Exploitation activities during the second half of the year are expected to include the implementation of four more water flood pilot projects in the Bakken resource play, the first of which was implemented in July and the second of which is expected to be implemented in August. Including the two water flood pilot projects initiated prior to 2010, the Company expects to have six pilot projects on line by year end in various parts of the play, each testing different patterns and completion techniques to optimize economics and recoveries. Crescent Point believes results from the pilots are positive and that the water flood will eventually be applied throughout the play.
Crescent Point continues to actively exploit the Lower Shaunavon resource play, with 40 net wells budgeted for the second half of 2010. The area's further upside is highlighted by the Company's plan to drill eight Upper Shaunavon wells by year end. Crescent Point continues to monitor early positive results and to optimize the area's initial water flood pilot project. As well, applications for further injection wells have been submitted to have two additional water flood pilot projects operational by early 2011.
Second half activities are also expected to include up to seven net wells in the Flat Lake Bakken play along the United States border, as the Company continues to delineate and develop this area.
Crescent Point continues to budget 2010 average production of more than 61,000 boe/d, weighted 90 percent towards crude oil and natural gas liquids. Funds flow from operations is budgeted to be $915 million ($3.88 per share - diluted), based on assumed pricing of US$81.00 per barrel WTI, Cdn$4.50 per mcf AECO gas and US$0.98 exchange rate.
Crescent Point's balance sheet remains strong, with projected average net debt to 12-month cash flow of approximately 1.1 times and approximately $750 million unutilized on its bank lines.
The Company continues to implement its balanced 3 1/2-year price risk management program, using a combination of swaps, collars and purchased put options with investment grade counterparties all within Crescent Point's banking syndicate. As at July 27, 2010, the Company had hedged 50 percent, 44 percent, 30 percent and 15 percent of production, net of royalty interest, for the balance of 2010, 2011, 2012 and 2013, respectively.

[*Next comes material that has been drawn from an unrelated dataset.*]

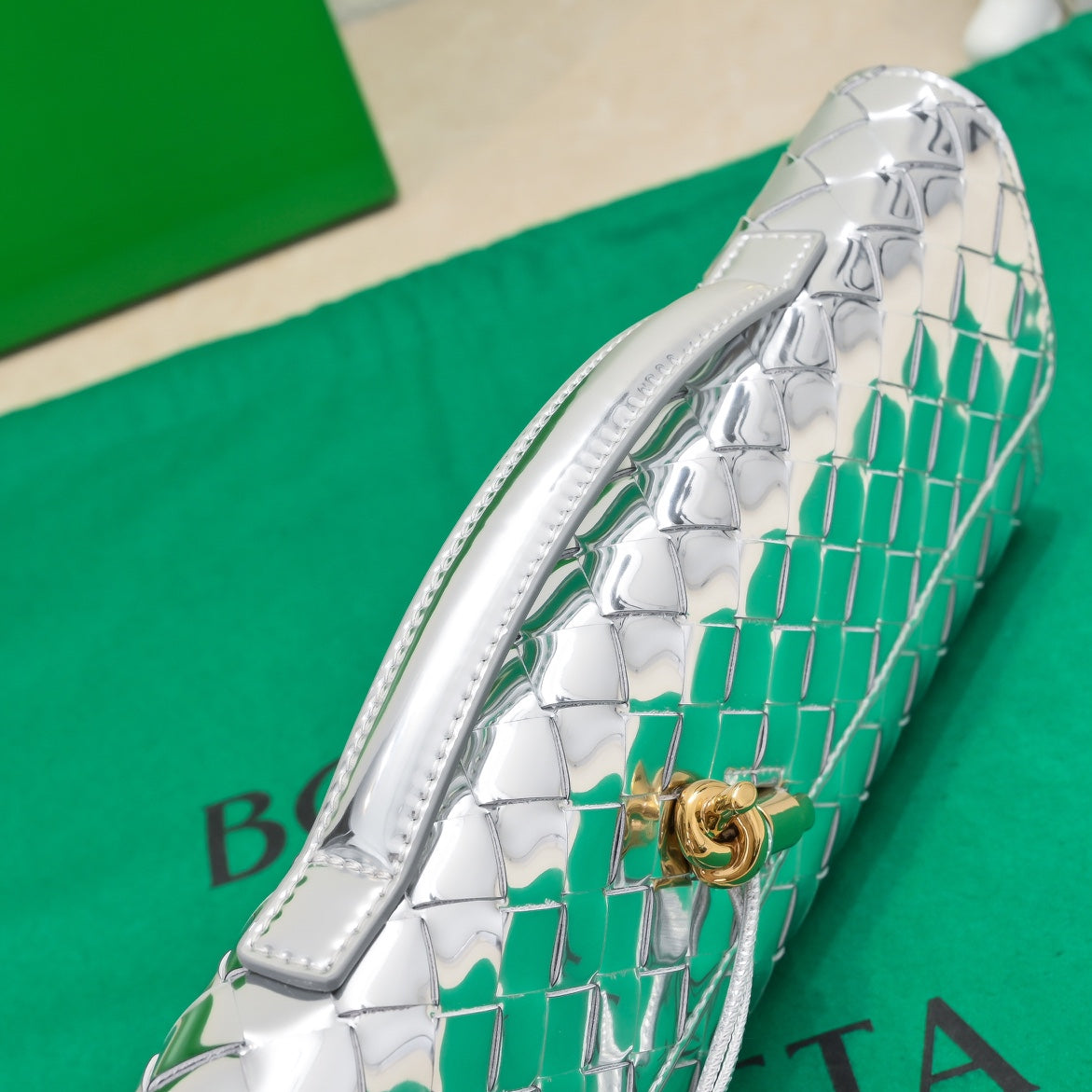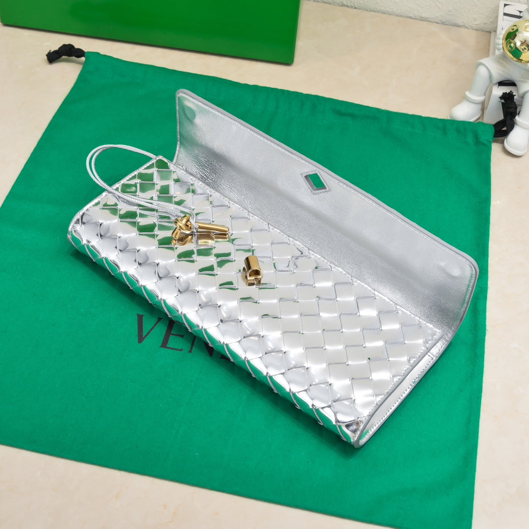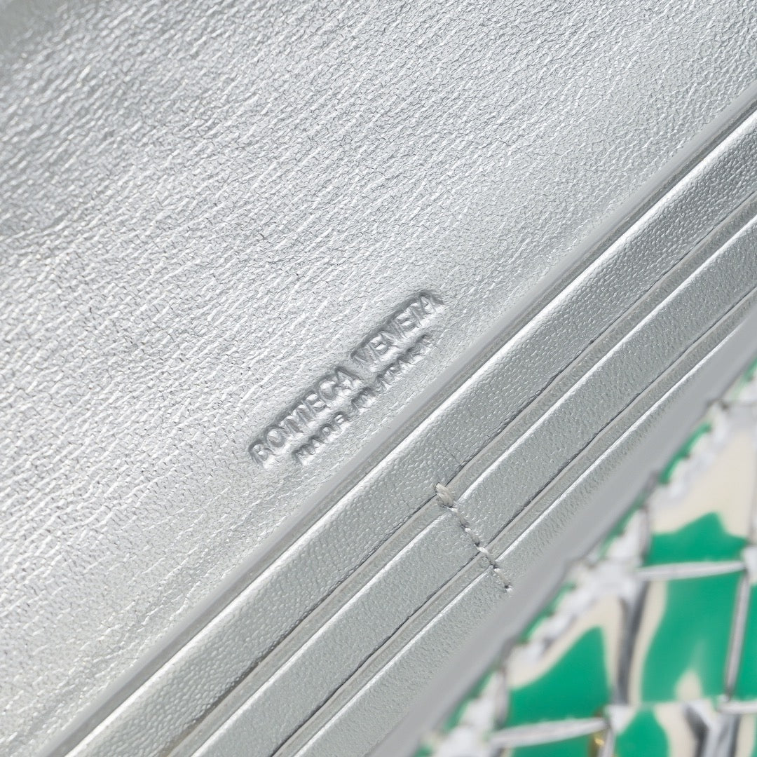 BV Long Clutch Andiamo 31 Silver Metalic Leather Ghw

Average quarterly hedge prices range from Cdn$79 per boe to Cdn$92 per boe.
Crescent Point's management believes that with the Company's high-quality reserve base and development drilling inventory, excellent balance sheet and solid risk management program, the Company is well positioned to continue generating strong operating and financial results through 2010 and beyond.
2010 Guidance
Crescent Point's guidance for 2010 is as follows:
------------------------------------------------------------------------- Production Oil and NGL (bbls/d) 54,750 Natural gas (mcf/d) 37,500 ------------------------------------------------------------------------- Total (boe/d) 61,000 ------------------------------------------------------------------------- Funds flow from operations ($000) 915,000 Funds flow per share - diluted ($) 3.88 Dividends per share ($) 2.76 Payout ratio - per share - diluted (%) 71 ------------------------------------------------------------------------- Capital expenditures ($000) (1) 750,000 Wells drilled, net 331 ------------------------------------------------------------------------- Pricing Crude oil - WTI (US$/bbl) 81.00 Crude oil - WTI (Cdn$/bbl) 82.65 Natural gas - Corporate (Cdn$/mcf) 4.50 Exchange rate (US$/Cdn$) 0.98 ------------------------------------------------------------------------- (1) The projection of capital expenditures excludes corporate and property acquisitions, which are separately considered and evaluated.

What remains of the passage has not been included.